**WORKING DATA**
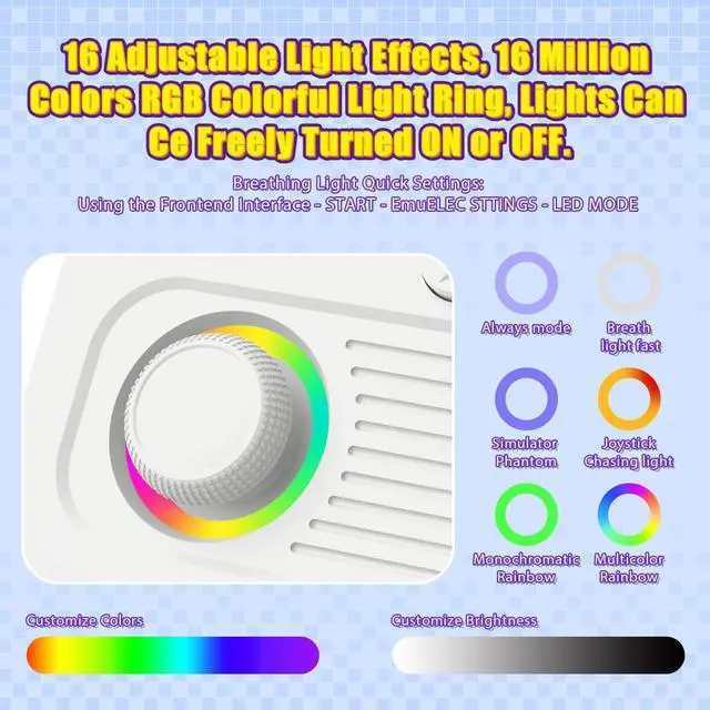 High-Precision Joystick and Customizable RGB LightingThe R36T offers a high-precision joystick for accurate gameplay and 16 million color RGB joystick lighting, 16 Adjustable Light Effects, Lights Can Ce Freely Turned ON or OFF.
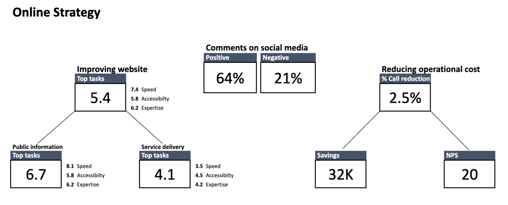 Finally, on the right you see KPIs related to reducing operational costs. It could be, for instance, decreasing operational costs by improving access to information and services through online channels. Additionally, you could also track net promoter score (NPS), which tells you how likely citizens are to recommend a service to friends and family.
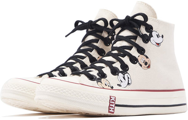 Бренд: Converse Цвет: белый Представляем Converse KITH x Disney x Chuck 70 'Mickey Mouse Portrait'! Эти кроссовки идеально подойдут как поклонникам Микки Мауса, так и Converse. Верх из парусины украшен различными версиями лица Микки, а совместный брендинг распределен по подошвам из вулканизированной резины. Вам понравится классический вид и ощущение этих кроссовок.
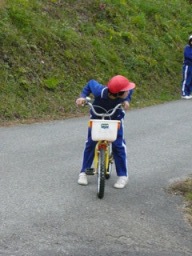 次は,学校の下の道路で実践練習です。簡単だと思っていましたが, 止まる場所を間違えたり,ふらふらしてしまったりと,意外と難しいもの だなぁと感じました。でも,優しく教えてくださったので,みんな上手に 乗れるようになりました。 |
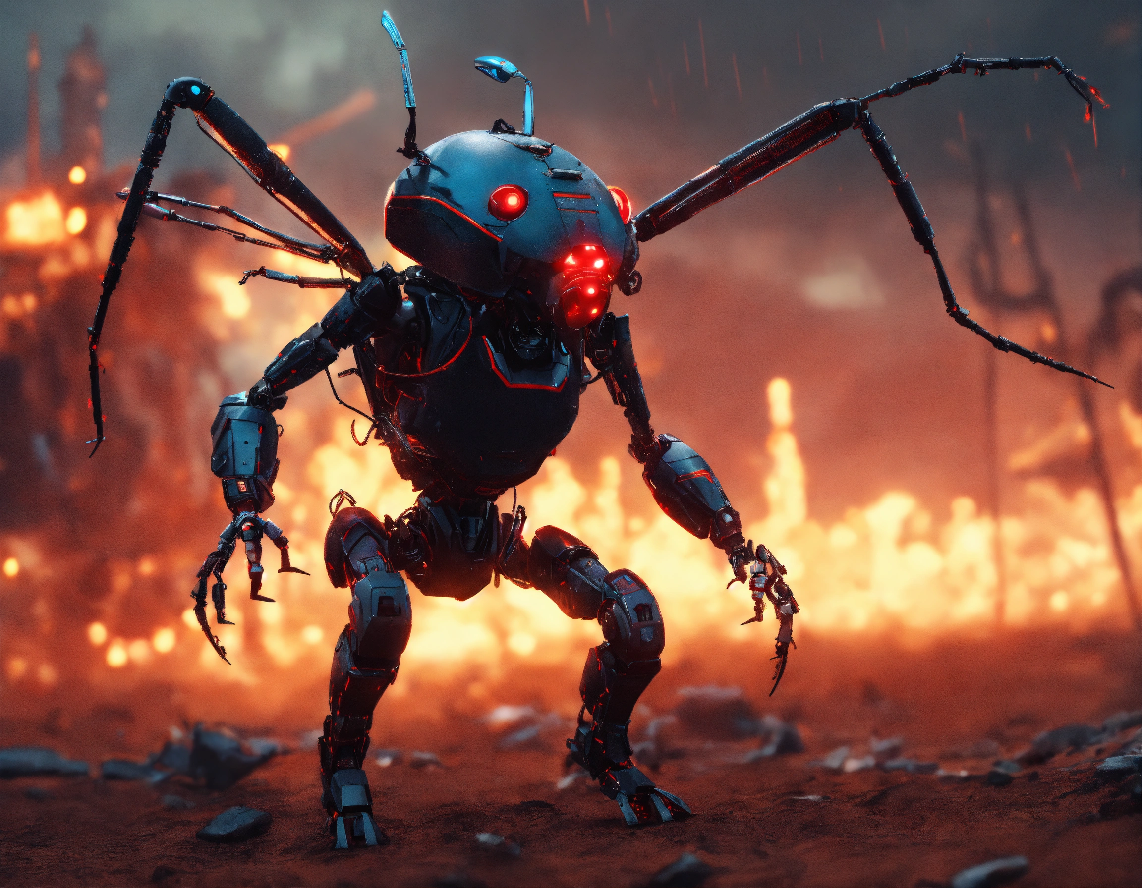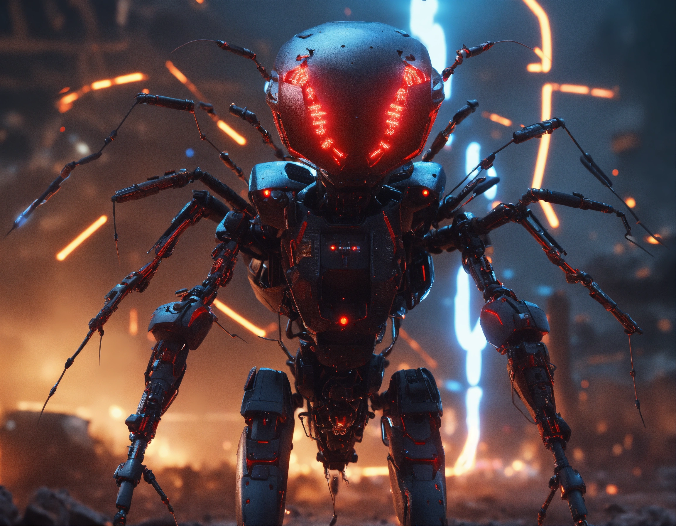 Zoom out scene of 4 leg 2 arm comical funny standing black ant faced humanoid with red glowing eyes, detailed circuitry, hi-tech armored humanoid body, he is sending digital electric electric lightning bolts with his antenna, attacking beings in a wasteland, realistic, 8k
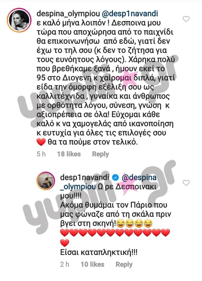 Τι έγραφε στο μήνυμά της η Δέσποινα Ολυμπίου προς τη Δέσποινα Βανδή;
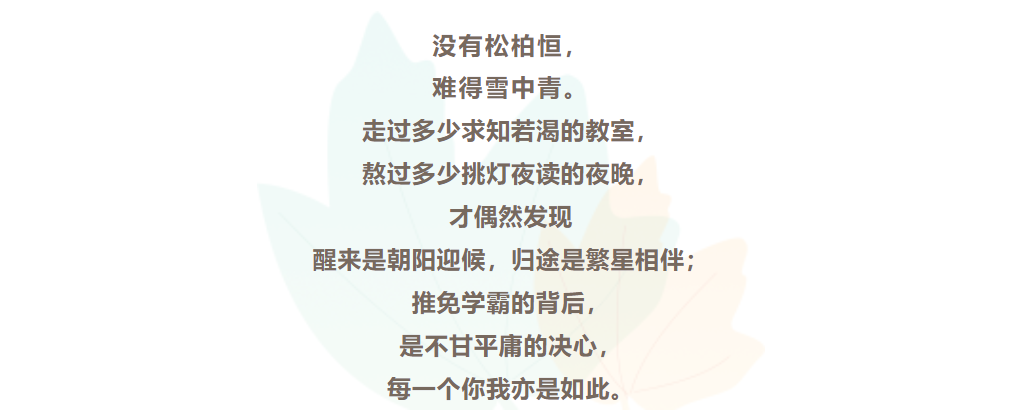 “每个保研er在保研过程中都会经历各种各样的压力,也会收集到无数的温暖与善意,只要我们胜不骄,败不馁,平心静气地充实自己的专业知识,在每次面试中发挥出自己的全部实力,最后一定会收获到令人心动的offer的。”
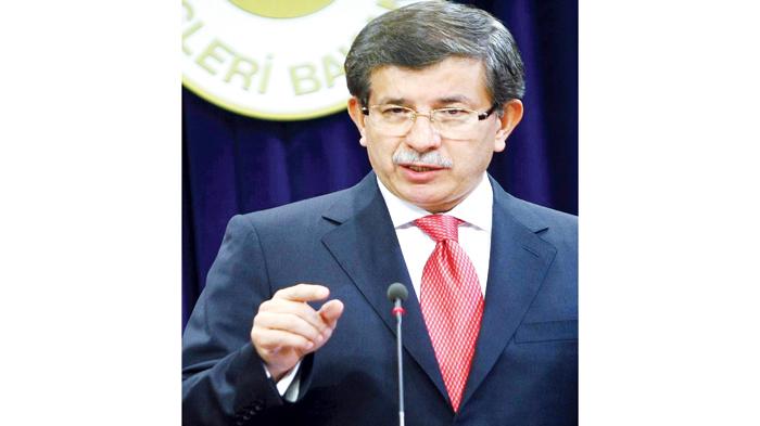 وزير الخارجية التركي أحمد داوود اوغلو في مؤتمره الصحافي أمس بأنقرة (ا ف ب)
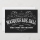 Invitations noires et blanches bilatérales de boule de mascarade. Customisez votre information de partie sur l'avant et le dos.
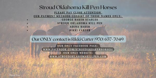 All equine listed by Stroud Oklahoma Kill Pen Horses/Baker Stables is sold as- is and on a first come first serve basis.
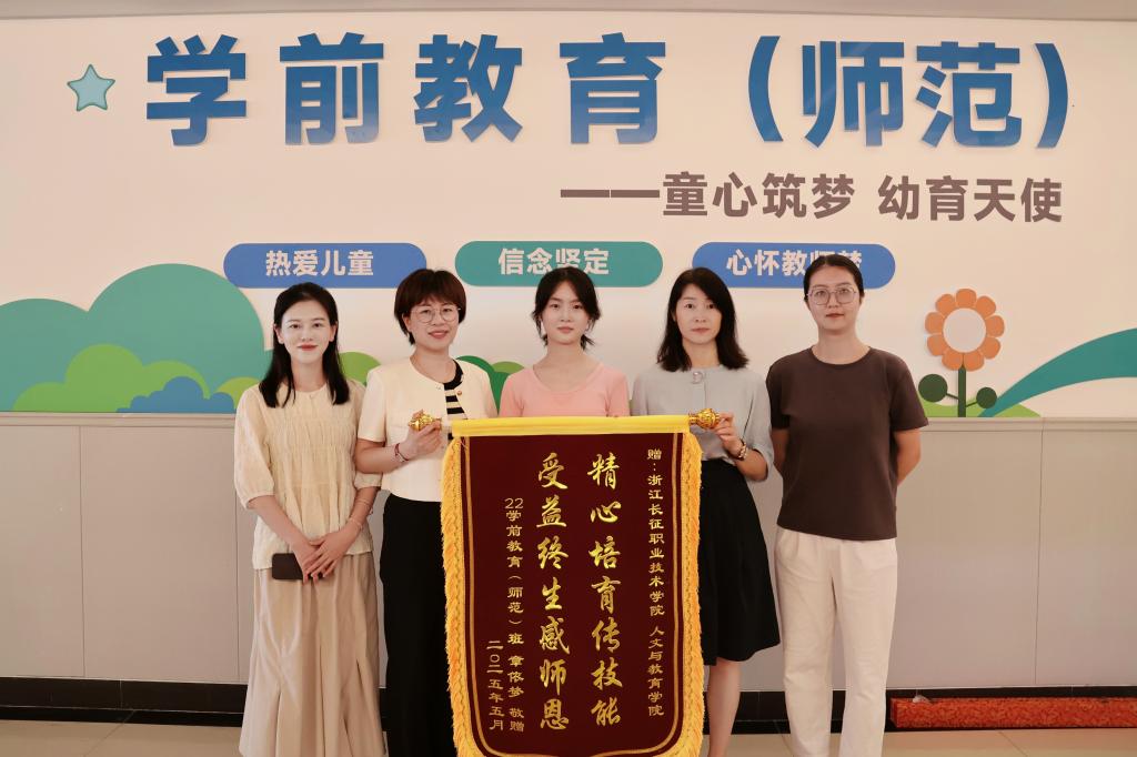 近日,“精心培育传技能,受益终生感师恩”的锦旗送到人文与教育学院,22学前教育(师范)专业学生章依梦以这种特别的方式,向母校表达深深的感恩之情。
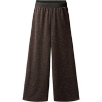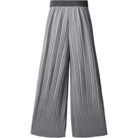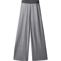 Grey pleated pants with silver shimmer. The pants have a loose fit with wide legs and an elastic waist, also with silver shimmer.
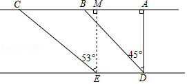 20.(8分)如圖所示,某施工隊(duì)要測(cè)量隧道長(zhǎng)度BC,AD=600米,AD⊥BC,施工隊(duì)站在點(diǎn)D處看向B,測(cè)得仰角為45°,再由D走到E處測(cè)量,DE∥AC,ED=500米,測(cè)得仰角為53°,求隧道BC長(zhǎng).(sin53°≈
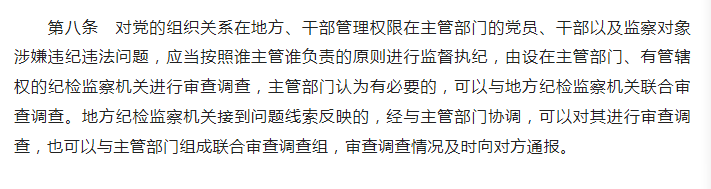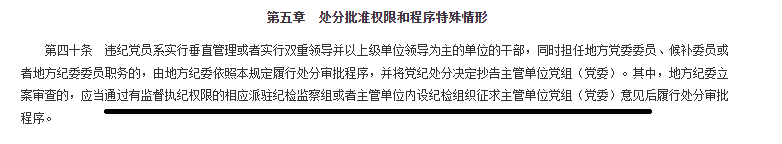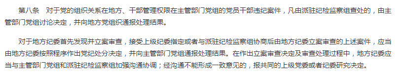 《中國共產黨處分違紀黨員批準權限和程序規定》第40條規定“違紀黨員系實行垂直管理或者實行雙重領導并以上級單位領導為主的單位的干部,同時擔任地方黨委委員、候補委員或者地方紀委委員職務的,由地方紀委依照本規定履行處分審批程序,并將黨紀處分決定抄告主管單位黨組(黨委)。其中,地方紀委立案審查的,應當通過有監督執紀權限的相應派駐紀檢監察組或者主管單位內設紀檢組織征求主管單位黨組(黨委)意見后履行處分審批程序”。
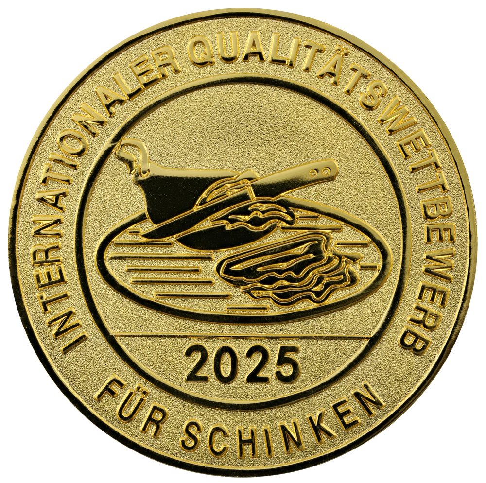 Auf der IFFA 2025, der weltgrössten Fleischerei Fachmesse wurde unser Schinkenspeck mit der Gold ausgezeichnet.
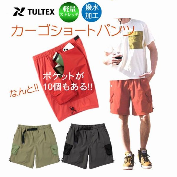 【商品の説明】ポケットの数がなんと10個もある「TULTEX(タルテックス)」カーゴポケットショートパンツ!!手ぶらを叶える大容量ポケットはアウトドアのあらゆるシーンで多彩な使い方ができます。撥水加工・軽量・ストレッチ等の多機能ショーツでアウトドアやキャンプ・水辺のアクテビティや川遊び、夏fフェス、BBQ、ガーデニングなどで大活躍すること間違いなし!!
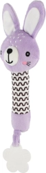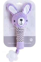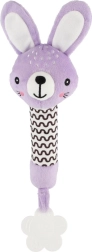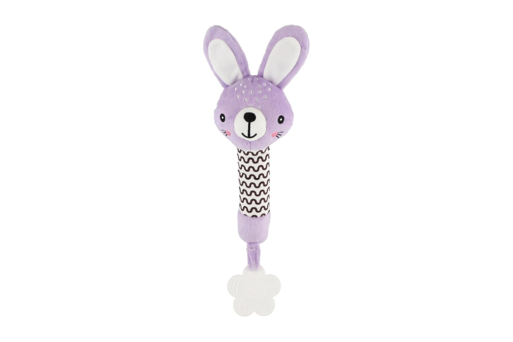 Vijolični plišasti zajček je idealna prva igrača za novorojenčke. Lahka zasnova in dolgo mehko telesce se odlično prilegata majhnim ročicam, ob pritisku pa odda nežen piskajoč zvok, ki naravno pritegne dojenčkovo pozornost in podpira zaznavanje zvokov.
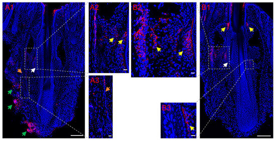 Expression of tyrosine hydroxylase (TH) around normal vibrissa follicles in situ using anti-TH (red) antibody. (A,B) TH-positive nerve fibers (yellow arrows in A2 and B1–B3) originated from bundles (green arrows in A1) around the capsule (a fibrous sheath of connective tissue) (orange arrows in A1,A3) of vibrissa follicles, penetrated the capsule and innervated the bulge regions of hair follicle (HF) (white arrows in A1,B1) in situ. Scale bars, 160 μm (A2,A3,B2,B3); 300 μm (elsewhere).
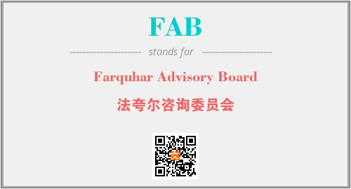 上述内容是“Farquhar Advisory Board”作为“FAB”的缩写,解释为“法夸尔咨询委员会”时的信息,以及英文缩略词FAB所代表的英文单词,其对应的中文拼音、详细解释以及在英文中的流行度和相关分类、应用领域及应用示例等。
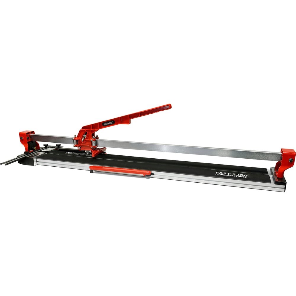 Профессиональный плиткорез Diamaster Fast может выполнять прямой рез заготовок длиною 1200 мм, изготовленных из керамики или керамогранита. Классический монорельс гарантирует жесткость и надежность конструкции. Каретка плиткореза оборудована шестнадцатью подшипниками. Восемь из них регулируются, что позволяет достичь оптимального скольжения и максимальной точности. Для удобства работы на станке есть лазерный указатель реза (две батарейки тип "ААА" не поставляются в комплекте) и дополнительные расширители рабочей поверхности.
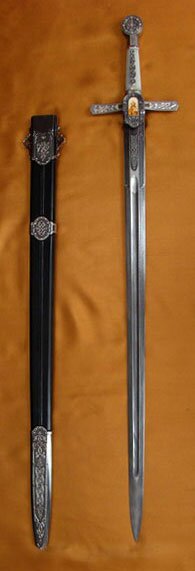 Скандинавский меч, который еще называют норманским, очень хорошо подходил рослым и физически сильным викингам. Он был достаточно толстым в поперечнике, имел очень массивный противовес (у некоторых мечей размером почти с кулак) и небольшую гарду (или вообще не имел ее). Некоторые мечи имели на навершии крюк или небольшой крюкообразный клинок, которым можно было атаковать противника, уведя в сторону его меч основным клинком. Мечи 9 - 10 вв. имеют ровный широкий клинок, закругленный к концу, и являются только рубящим оружием. Мечи 11 - 12 вв. С заостренными концами и слегка сужающимися книзу клинками имеют значение не только рубящего оружия, но и колющего. Мечи изготовляли из железа и сварочного булата. В конце 12 в. рукоять меча удлиняется настолько, что позволяет действовать двумя руками. В этот период мечи имеют заточенные у острия клинки, способные проникать сквозь сочленения доспехов. Ножны у меча деревянные и покрываются кожей или материей и привязываются к поясной портупее на перевязи, каждый конец которой, разрезанный на ремни, образует плетеное кожаное кольцо. Ремни эти обычно покрыты бархатом, шелком и шиты золотом, а иногда украшены финифтью. К этому времени относится появление рыцарского оружия. Рыцарские мечи выделяются своей красотой, считаясь благородным оружием. В продолжение месяцев их оставляли лежать на алтарях, они участвовали в литургии, их благословляли священники и даже освящали. Лучшие хранились в сокровищницах монастырей под алтарями, на могилах своих бывших владетелей. Им дают имена, как это делалось еще во времена Каролингов; при инвеституре, короновании, посвящении они участвуют в церемонии в силу строго соблюдаемого завета. Их происхождению часто приписывали сверхъестественный характер; некоторые из них якобы обладали волшебными свойствами. В первой четверти 14 в., после внедрения латного доспеха, клинок рыцарского меча стал длиннее, что увеличивало силу его удара и дистанцию. Так появился полутораручный меч, сначала в Германии, потом в Англии, затем - в остальных странах Западной Европы. В настоящее время, согласно европейской классификации, под коротким мечом понимается меч длиной до 60 см (2 фута), длинным - от 60 до 115 см (2 - 3,5 фута), полутораручным - 115 - 145 см (3,5 - 4,5 фута), двуручным - больше 5 футов, то есть 152 см. Клинок последнего был шириной 5 - 6 см. Длина его рукояти составляла около 30 см, весил он от 3,5 до 5 кг. Двуручный же "тяжелый меч" весил до 8 кг и мог доходить в длину до 2 м. На Руси меч являлся дорогостоящим предметом вооружения, часто передавался от отца к сыну. Мечи 10-12 вв. имеют клинок длиной около 100 см, шириной 4 - 6 см, толщиной средней части клинка 3 - 6 мм. Переход в 14 - 15 вв. от кольчуги к наборным доспехам повлиял и на эволюцию меча. Доспехи в бою легче было проколоть, чем разрубить. Поэтому прежнее рубящее действие меча заменяется в 14 в. на колюще-рубящее. Мечи становятся длиннее (до 120 - 140 см). Их рукоять делают большой, крестовину прямой и длинной (до 26 см). На клинке меча появляются трехрядные долы. а) черен\рукоять
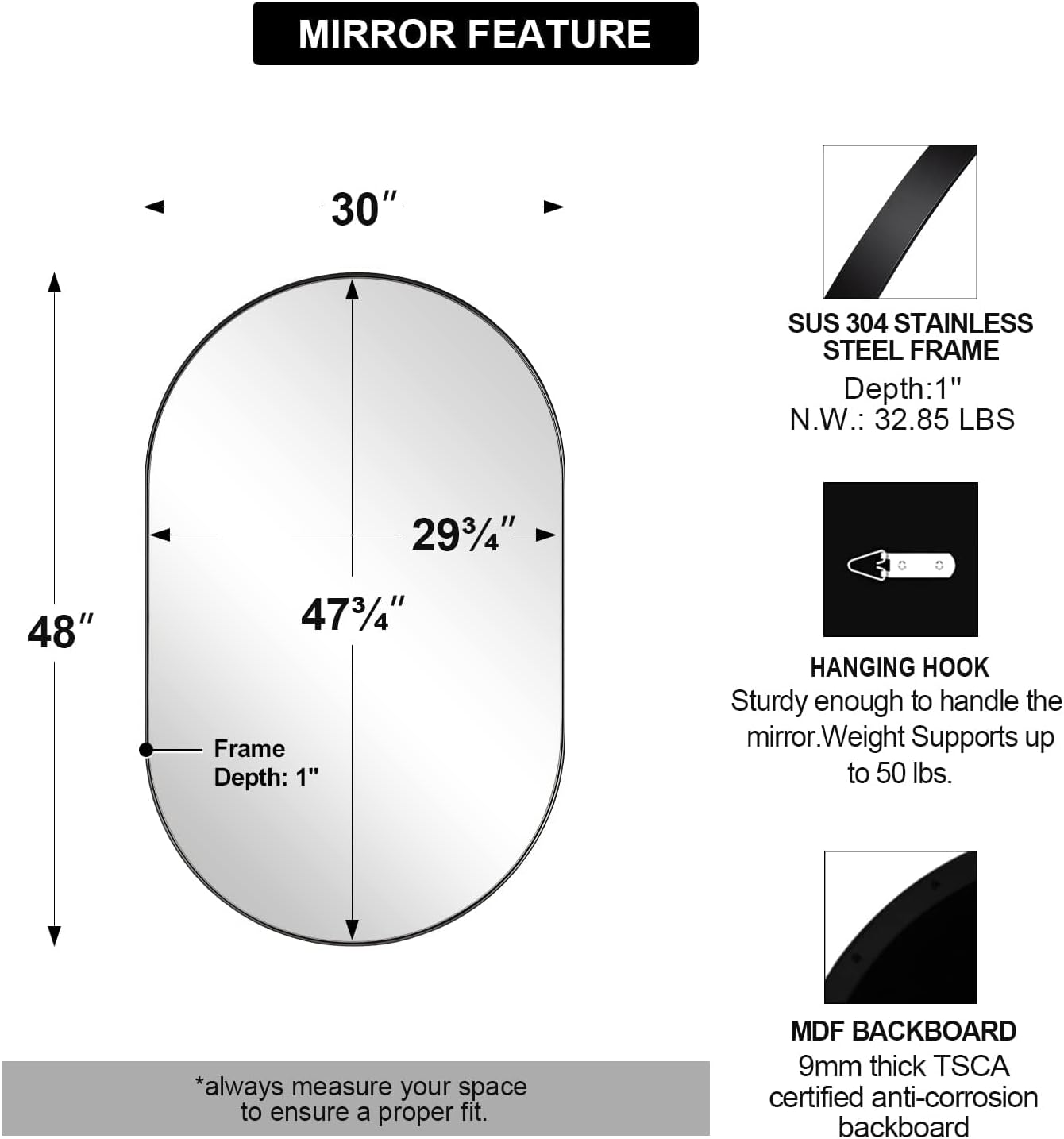 - Premium Quality Material: N.W :(32.85 LBS--Heavy mirror) Made with sleek seamless stainless steel framing that is oxidation-resistant to be rustproof, this black mirrors is built to last. The 4mm HD glass supported by a 9mm MDF backboard is surrounded by the metal frame to be shatterproof
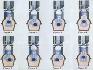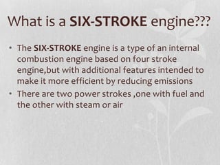 The six-stroke engine is an internal combustion engine that builds upon the four-stroke engine design to increase efficiency. It has two approaches - the first uses the same piston for two additional strokes, while the second uses a second opposed piston moving at half the rate of the main piston. The six-stroke engine injects water into the combustion chamber on the power stroke, turning it instantly into steam for an additional power stroke. This provides increased efficiency over traditional engines by extracting work from heat otherwise lost and reducing emissions and fuel consumption by up to 40%. However, challenges include potential piston damage from thermal expansion and ensuring an adequate water supply.

**YOUR INSTRUCTIONS**
Output exactly the lines of the listing above that start with the one holding "Zoom out scene" and go on through the one holding "Vijolični plišasti zajček"; leave the pictures out.

**PROBLEM SOLUTION**
 Zoom out scene of 4 leg 2 arm comical funny standing black ant faced humanoid with red glowing eyes, detailed circuitry, hi-tech armored humanoid body, he is sending digital electric electric lightning bolts with his antenna, attacking beings in a wasteland, realistic, 8k
 Τι έγραφε στο μήνυμά της η Δέσποινα Ολυμπίου προς τη Δέσποινα Βανδή;
 “每个保研er在保研过程中都会经历各种各样的压力,也会收集到无数的温暖与善意,只要我们胜不骄,败不馁,平心静气地充实自己的专业知识,在每次面试中发挥出自己的全部实力,最后一定会收获到令人心动的offer的。”
 وزير الخارجية التركي أحمد داوود اوغلو في مؤتمره الصحافي أمس بأنقرة (ا ف ب)
 Invitations noires et blanches bilatérales de boule de mascarade. Customisez votre information de partie sur l'avant et le dos.
 All equine listed by Stroud Oklahoma Kill Pen Horses/Baker Stables is sold as- is and on a first come first serve basis.
 近日,“精心培育传技能,受益终生感师恩”的锦旗送到人文与教育学院,22学前教育(师范)专业学生章依梦以这种特别的方式,向母校表达深深的感恩之情。
 Grey pleated pants with silver shimmer. The pants have a loose fit with wide legs and an elastic waist, also with silver shimmer.
 20.(8分)如圖所示,某施工隊(duì)要測(cè)量隧道長(zhǎng)度BC,AD=600米,AD⊥BC,施工隊(duì)站在點(diǎn)D處看向B,測(cè)得仰角為45°,再由D走到E處測(cè)量,DE∥AC,ED=500米,測(cè)得仰角為53°,求隧道BC長(zhǎng).(sin53°≈
 《中國共產黨處分違紀黨員批準權限和程序規定》第40條規定“違紀黨員系實行垂直管理或者實行雙重領導并以上級單位領導為主的單位的干部,同時擔任地方黨委委員、候補委員或者地方紀委委員職務的,由地方紀委依照本規定履行處分審批程序,并將黨紀處分決定抄告主管單位黨組(黨委)。其中,地方紀委立案審查的,應當通過有監督執紀權限的相應派駐紀檢監察組或者主管單位內設紀檢組織征求主管單位黨組(黨委)意見后履行處分審批程序”。
 Auf der IFFA 2025, der weltgrössten Fleischerei Fachmesse wurde unser Schinkenspeck mit der Gold ausgezeichnet.
 【商品の説明】ポケットの数がなんと10個もある「TULTEX(タルテックス)」カーゴポケットショートパンツ!!手ぶらを叶える大容量ポケットはアウトドアのあらゆるシーンで多彩な使い方ができます。撥水加工・軽量・ストレッチ等の多機能ショーツでアウトドアやキャンプ・水辺のアクテビティや川遊び、夏fフェス、BBQ、ガーデニングなどで大活躍すること間違いなし!!
 Vijolični plišasti zajček je idealna prva igrača za novorojenčke. Lahka zasnova in dolgo mehko telesce se odlično prilegata majhnim ročicam, ob pritisku pa odda nežen piskajoč zvok, ki naravno pritegne dojenčkovo pozornost in podpira zaznavanje zvokov.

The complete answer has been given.